What will be critically important in the end is whether that regrowth will be healthy and sustained. It will at any rate, be quite a challenge, to return to anything like the growth paths that prevailed in most of Asia before the crisis. The specific arithmetic varies among countries. But it is obvious that countries that had been enjoying growth trends of six or seven or eight per cent a year are now producing far below their potential, even if some of them have now turned the corner from deep recession.
Maybe restoration of the earlier rate of growth is too tough, too unrealistic, a test. A strong argument can be made that the extraordinary growth rates in Thailand, in Indonesia, in Malaysia and elsewhere had to taper off to a more sustainable pattern. But whatever the precise number, the issue with which we are all grappling is whether the emerging nations of Asia, of Latin America, and of Eastern Europe can in fact restore a strong and sustainable growth path in the context of open international markets for money and capital.
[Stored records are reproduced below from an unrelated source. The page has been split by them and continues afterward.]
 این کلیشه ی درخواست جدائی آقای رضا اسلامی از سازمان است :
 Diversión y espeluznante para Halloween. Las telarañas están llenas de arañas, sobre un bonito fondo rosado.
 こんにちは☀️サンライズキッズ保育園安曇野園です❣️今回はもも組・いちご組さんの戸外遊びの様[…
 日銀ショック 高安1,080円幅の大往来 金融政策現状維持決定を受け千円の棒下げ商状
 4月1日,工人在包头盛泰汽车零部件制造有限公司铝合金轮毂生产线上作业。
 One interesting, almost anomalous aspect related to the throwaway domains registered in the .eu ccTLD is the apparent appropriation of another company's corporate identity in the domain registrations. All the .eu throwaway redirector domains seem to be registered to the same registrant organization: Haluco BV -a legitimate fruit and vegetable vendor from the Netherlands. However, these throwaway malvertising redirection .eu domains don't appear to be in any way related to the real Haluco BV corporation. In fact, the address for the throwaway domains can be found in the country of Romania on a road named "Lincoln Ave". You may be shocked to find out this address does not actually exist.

That, it seems to me, is the basic issue before this conference. It is quite obviously a terribly important issue, an issue bearing upon all our thinking about the benefits of an open globalised economy.
The papers before this conference help put it in proper perspective. The current crisis is not the first, nor will it be the last, in international finance. But there are factors vastly complicating the situation.
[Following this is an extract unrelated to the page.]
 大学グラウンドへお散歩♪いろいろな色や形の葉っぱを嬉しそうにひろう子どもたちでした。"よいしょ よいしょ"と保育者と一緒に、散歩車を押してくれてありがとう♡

We all know how modern technology – the information society and all – has broken down natural barriers to the free movement of money. It can flow faster and faster in larger amounts, with the number of participants rising exponentially. But it is not just technology that rules the economic world. Within a single decade following the fall of the USSR, the ideology of open markets for money has swept the emerging world, with all the bright promise of enhancing efficiency and growth.
Is that all more chimera than reality? Or, more appropriately, what do nations, individually and collectively, need to do to better assure that the vision will become reality? I'd like to think we could reach really solid conclusions in the next 36 hours. I realise the precedents are against that. But I am an ardent fisherman – an avocation in which hope springs eternal, and which occasionally is rewarded by success!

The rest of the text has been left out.